US 12,461,993 B2
Parameter utilization for language pre-training
Chen Xing, Palo Alto, CA (US); Wenhao Liu, Redwood City, CA (US); Chu Hong Hoi, Singapore (SG); Nitish Shirish Keskar, San Francisco, CA (US); and Caiming Xiong, Menlo Park, CA (US)
Assigned to Salesforce, Inc., San Francisco, CA (US)
Filed by Salesforce, Inc., San Francisco, CA (US)
Filed on Jun. 10, 2024, as Appl. No. 18/738,628.
Application 18/738,628 is a continuation of application No. 17/532,851, filed on Nov. 22, 2021, granted, now 12,072,955.
Claims priority of provisional application 63/194,141, filed on May 27, 2021.
Prior Publication US 2024/0330409 A1, Oct. 3, 2024
Int. Cl. G06F 18/21 (2023.01); G06F 18/214 (2023.01); G06F 40/00 (2020.01)

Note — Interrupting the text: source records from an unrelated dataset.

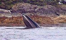 As well as other methods, rorquals obtain prey by lunge-feeding on bait balls.[10] Lunge feeding is an extreme feeding method, where the whale accelerates to a high velocity and then opens its mouth to a large gape angle. This generates the water pressure required to expand its mouth and engulf and filter a huge amount of water and fish.[10]
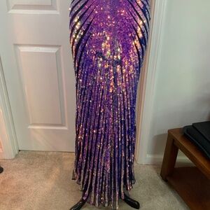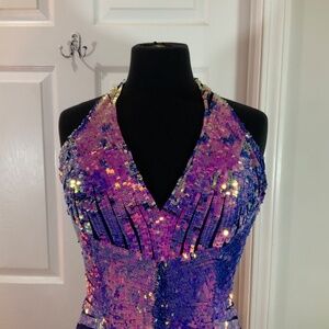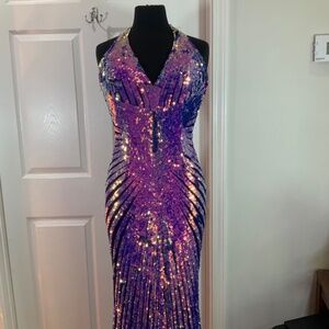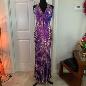 Primavera Couture Sequin Halter Purple Pink Open Back Mermaid Gown Size 10
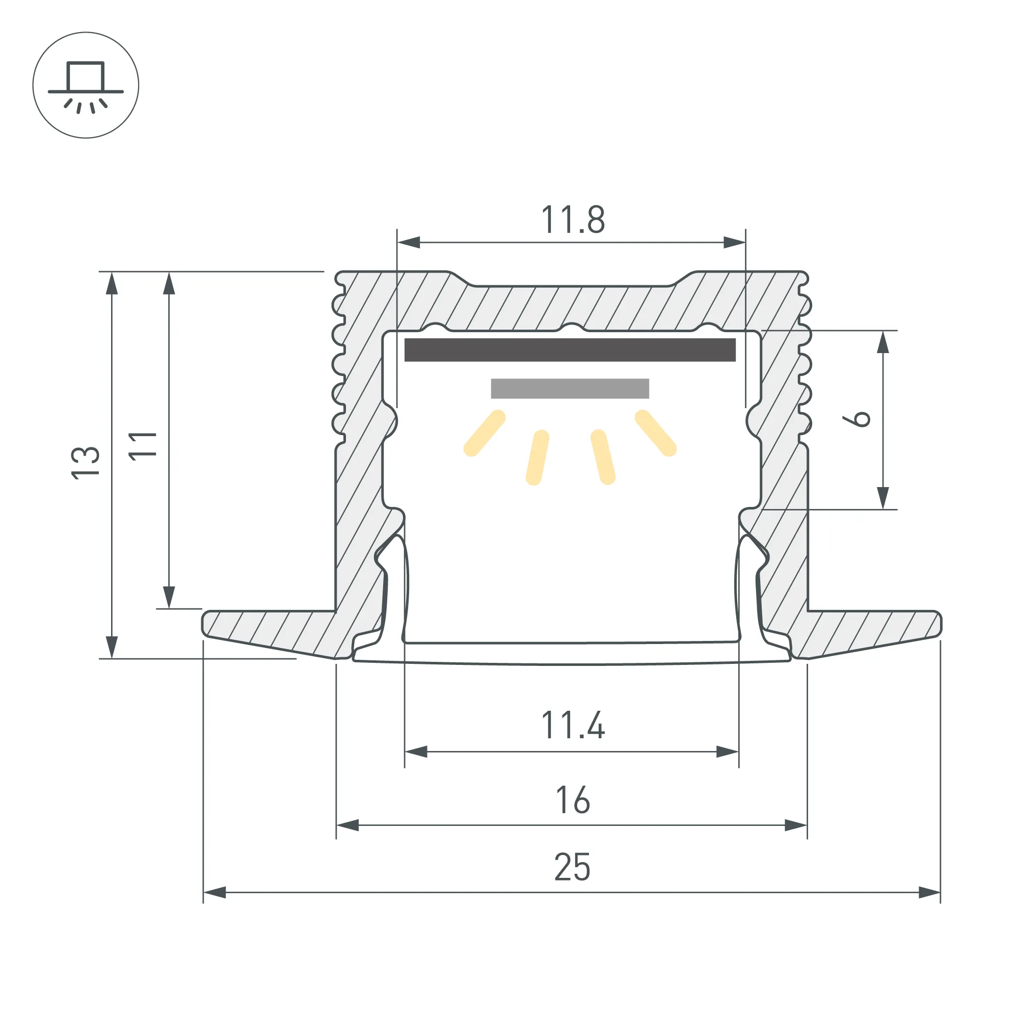 Алюминиевый анодированный профиль для светодиодных лент и линеек. Габаритные размеры (L×W×H): 3000x25x13 мм, паз для установки 16 мм. Ширина площадки для ленты 12 мм. Экраны, заглушки и другие аксессуары приобретаются отдельно. Цена за 1 метр.
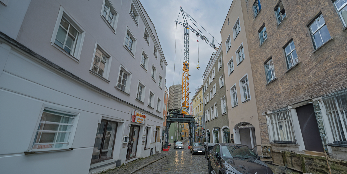 Einsatzleiter Christian Plettl berichtet: »Der Kran auf Portal ist gerade für beengte Umgebungen ideal, weil Platz eingespart wird und es dadurch möglich wurde, in der Passauer Altstadt einen Kran auch für längere Bauzeiten zu stellen. Zudem konnten wir mit dieser Lösung die Vorgabe der Stadt Passau, wonach der Verkehrsfluss während der Montage und der anschließenden Sanierungsarbeiten so gut wie möglich sichergestellt werden sollte, gewährleisten.«
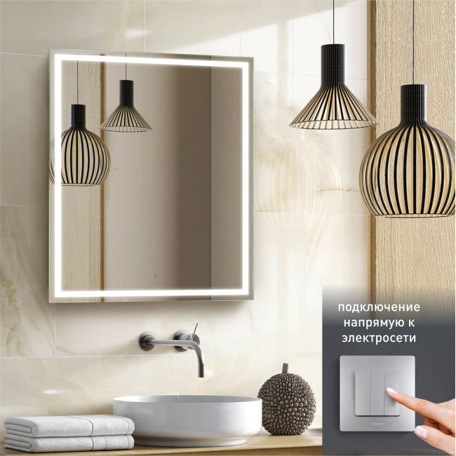 Зеркало "Dallas" без сенсорной кнопки разработано специально для выведения к электросети под клавишу вкл/выкл света. Подсветка будет включаться непосредственно при включении света. Фронтальная (передняя) подсветка имеет не только декоративную, но и функциональную роль - лицо смотрящего в зеркало человека освещается ярче. Способность такого зеркала обеспечивать правильное освещение делает такие зеркала незаменимыми помощниками при нанесении макияжа и при бритье.
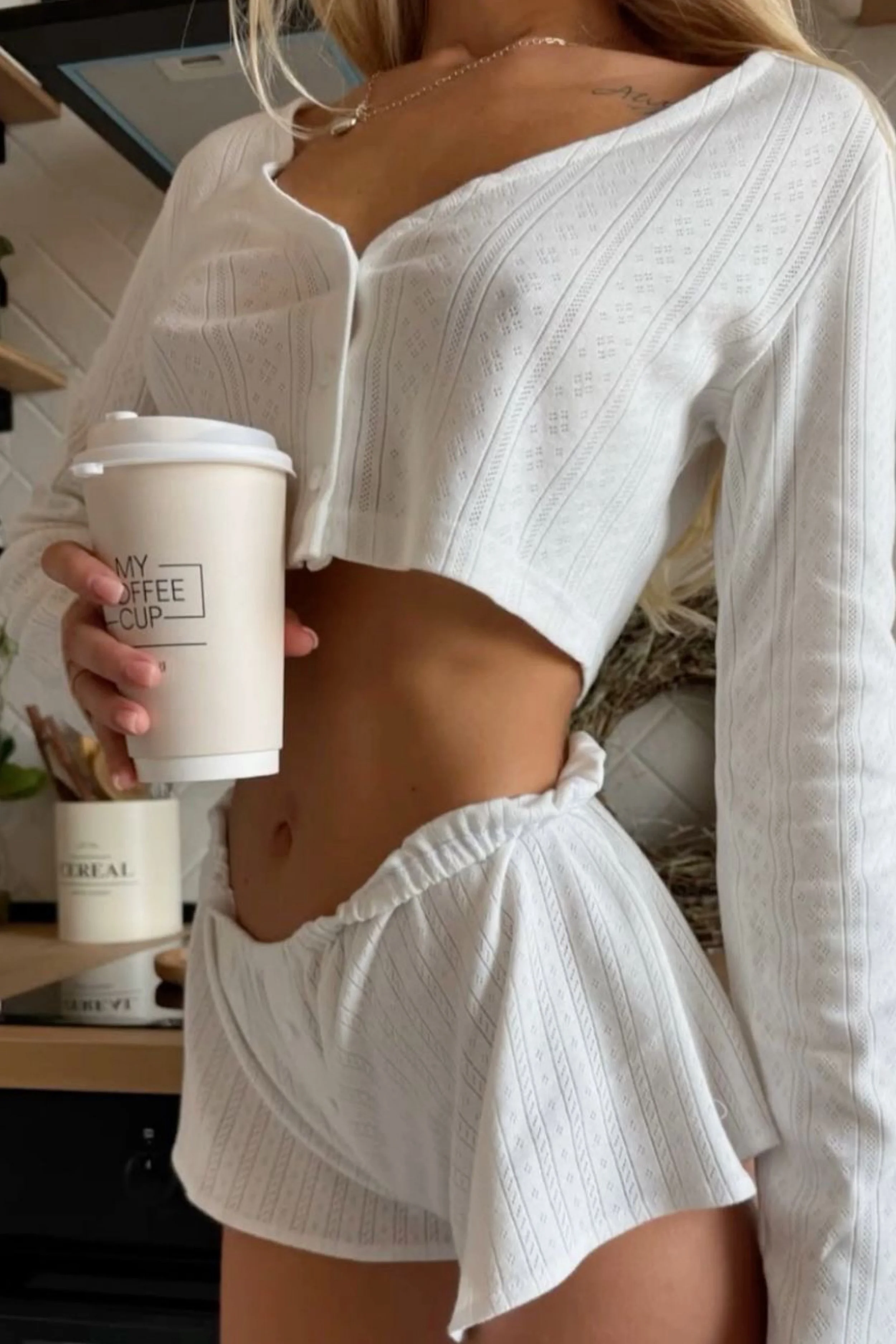 This look captures the beauty of simplicity—a white cropped button-up with matching knit lounge shorts. The fabric carries soft ribbing that feels both breathable and tactile, while the slightly flared hem of the shorts adds gentle movement. Together they create a clean, serene silhouette perfect for slow mornings and caffeine rituals. The pure white palette amplifies natural light, while the fitted yet relaxed cut celebrates form without restriction. It’s the kind of set that makes comfort feel intentional and chic.
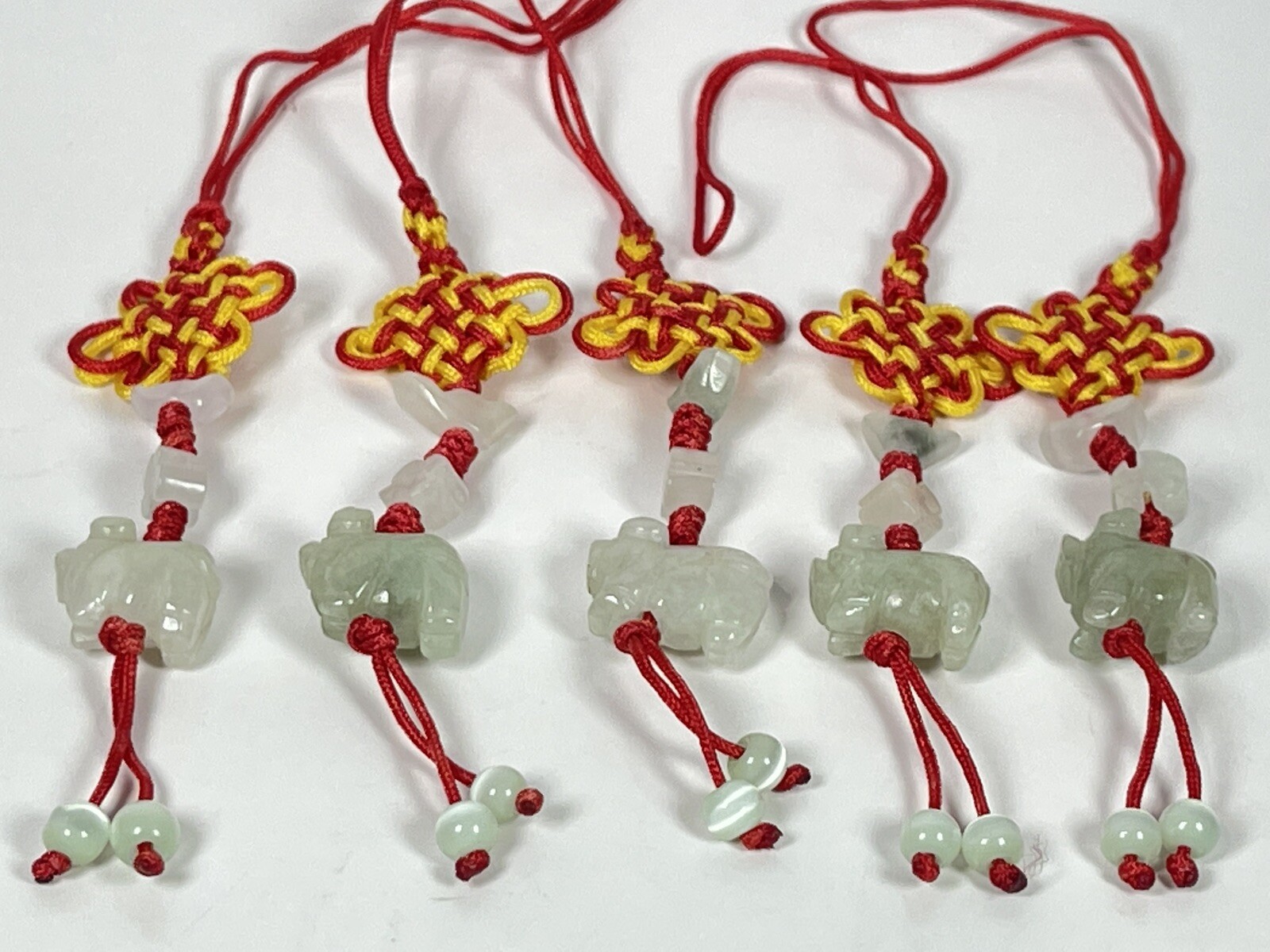 5PC Hand Carved Natural Jade Chinese Zodiac Boar Pendant Knotted CellPhone Charm

CPC G06F 18/2148 (2023.01) [G06F 18/2163 (2023.01); G06F 40/00 (2020.01)] 20 Claims
OG exemplary drawing
 
1. A method for training a neural network model, the method comprising:
dividing the neural network model stored in a memory into a held-out model and a main model;
during a first forward pass on the held-out model, determining, using a training dataset comprising words in a natural language, held-out model hidden states from attention heads of the held-out model;
determining, a first loss based on the first forward pass and a first backward pass on the held-out model;
during a second forward pass on the main model:
determining, using the training dataset, main model hidden states from attention heads of the main model;
concatenating the held-out model hidden states and the main model hidden states into concatenated hidden states; and
propagating the concatenated hidden states through a subset of layers of the main model, wherein the concatenated hidden states cause the main model to recognize language patterns different from the held-out model;
determining a second loss based on the second forward pass and a second backward pass on the main model;
updating parameters of the held-out model based on the first loss; and
updating parameters of the main model based on the second loss.